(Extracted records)

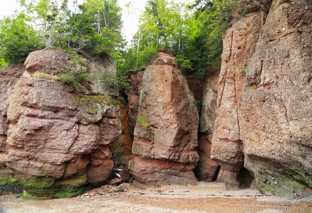 离开磁力山不到一个小时的车程,就来到了Bay of Fundy,在这里可以看到世界上落差最大的潮汐。在Bay of Fundy这里有两个主要景点,Hopewell Rocks Park和Fundy National Park。观赏潮汐的最佳去处当然是Hopewell Rocks Park。由于潮汐是有时间规律的,去之前小伙伴们最好提前查好涨潮落潮的时间,再根据自己的喜好安排行程。也由于潮汐时间的限制,很多人不一定能在一天里看完涨潮和落潮,所以这个公园的门票也是两日票,给大家充足的时间去体会潮起潮落的威力。
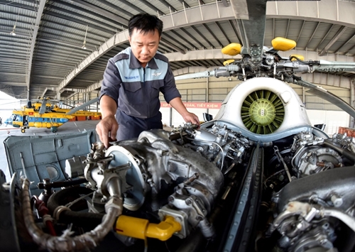 技术人员检查米-172直升机上的雷达系统(图片来源:人民军队报)
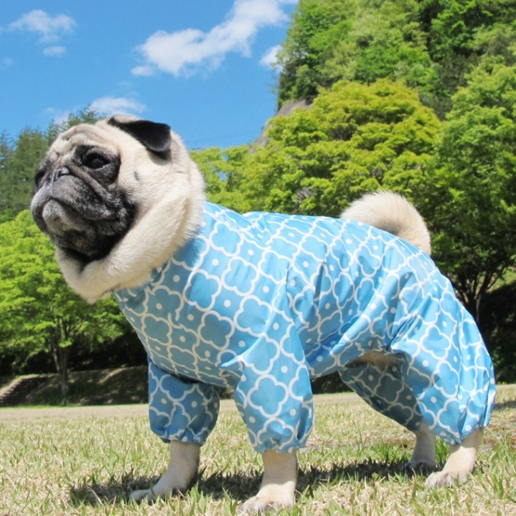 大雨でのお散歩には不向きだけど、小雨お散歩にはピッタリの着脱ラクチンレインコートです。
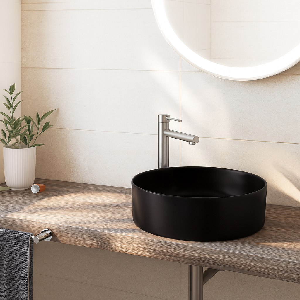 Venezia Round Countertop Vessel With Chrome Pop-down Waste – Graphite
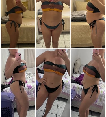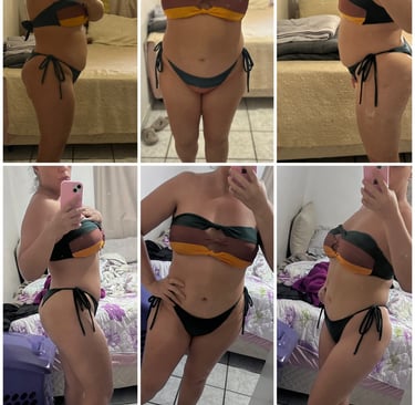 Na foto abaixo nota-se a diferença em menos de 10 dias aplicando o método. O inchaço e estufamento sumindo, o corpo tomando forma, me sentindo mais leve e disposta.

▸ **Work to complete**
Starting at the line that contains "大雨でのお散歩には不向きだけ", reproduce exactly and only the lines through the end of the entries above, with the pictures excluded.

▸ **Problem solution**
 大雨でのお散歩には不向きだけど、小雨お散歩にはピッタリの着脱ラクチンレインコートです。
 Venezia Round Countertop Vessel With Chrome Pop-down Waste – Graphite
 Na foto abaixo nota-se a diferença em menos de 10 dias aplicando o método. O inchaço e estufamento sumindo, o corpo tomando forma, me sentindo mais leve e disposta.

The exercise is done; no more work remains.